Playing with the Collatz Conjecture

This post comes originally from a notebook of mine on Observable. To view it in its original context — and with interactive editing — check it out on my Observable page.

It was a cold New Year's Eve and I was sitting at my friend Louis' dining room table in my hometown of Northampton, MA. We were both back in town for a bit from our respective locales — me from Seattle and him on a break from his Math Ph.D. at Rutgers University. Louis is one of those friends whose love for the quirky, bizarre world of mathematics has brought so much color to my life. He has a knack for making complex things simple, a trait I deeply admire. On this particular night, a few hours after the 🍾 had been popped and most folks had gone to bed, he introduced me to a tricky problem he'd been researching called the Collatz conjecture.

The Collatz conjecture is one of my favorite problems in mathematics because its simplicity belies its curious complexity; the conjecture has escaped being proven by mathematicians for more than 80 years.

In this piece, I want to take you on a little journey inside the Collatz conjecture, looking at three different visualizations that can help illuminate this beautiful sequence 💡.

What is the Collatz Conjecture?

In my experience, the best way to understand the Collatz conjecture is to work through an example before approaching the formal definition. First things first, the conjecture asks us to start with any arbitrary positive integer $n$ . Let's use 21 for this example.

let~n = 21

The Collatz conjecture continues that if $n$ is odd we should multiply it by 3 and add 1:

n_{next} = 3n + 1

and that if it is even we should divide it by 2:

n_{next} = n / 2

Repeating these computations, The conjecture states that, regardless of the integer we started with, we will always converge to 1. To make this a bit clearer, let's see what this process looks like for $n = 21$ :

\begin{align*} n &= 21 \\ n_{next} &= 3(21) + 1 = 64 \\ n_{next} &= 64/2 = 32 \\ n_{next} &= 32/2 = 16 \\ n_{next} &= 16/2 = 8 \\ n_{next} &= 8/2 = 4 \\ n_{next} &= 4/2 = 2 \\ n_{next} &= 2/2 = 1 \\ \end{align*}

This isn't a particularly interesting case — we pretty quickly hit an integer (64) which cascades to 1. Let's look at a more interesting case starting with a number smaller than 21, say 9.

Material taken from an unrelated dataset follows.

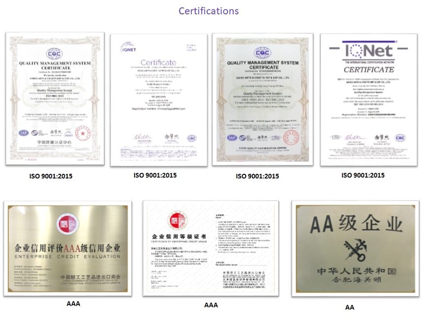 Anhui Arts & Crafts Import & Export Co., Ltd. set up in 1984 and reorganized in 2002, is a large-scale professional foreign trade enterprise that implements ISO9001:2000 international standardization management and obtained certification under the quality management system in 2001. Our products have been exported to over 100 countries, where its high-quality offerings and comprehensive service have earned widespread customer recognition and an increasing number of orders.

\begin{align*} n &= 9 \\ n_{next} &= 3(9) + 1 = 28 \\ n_{next} &= 28 / 2 = 14 \\ n_{next} &= 14 / 2 = 7 \\ n_{next} &= 3(7) + 1 = 22 \\ n_{next} &= 22 / 2 = 11 \\ n_{next} &= 3(11) + 1 = 34 \\ n_{next} &= 34 / 2 = 17 \\ n_{next} &= 3(17) + 1 = 52 \\ n_{next} &= 52 / 2 = 26 \\ n_{next} &= 26 / 2 = 13 \\ n_{next} &= 3(13) + 1 = 40 \\ n_{next} &= 40 / 2 = 20 \\ n_{next} &= 20 / 2 = 10 \\ n_{next} &= 10 / 2 = 5 \\ n_{next} &= 3(5) + 1 = 16 \\ n_{next} &= 16 / 2 = 8 \\ n_{next} &= 8/2 = 4 \\ n_{next} &= 4/2 = 2 \\ n_{next} &= 2/2 = 1 \\ \end{align*}

This is a bit more interesting — we see that the value of $n$ fluctuates up and down several times, descending from the $n / 2$ operations and ascending from the $3n + 1$ operations. It's also intriguing that starting from 9 took a full 19 iterations to reach 1, while starting from 21 only took 7. That's a big difference! This metric of iterations to reach 1 is known as an integer's stopping time.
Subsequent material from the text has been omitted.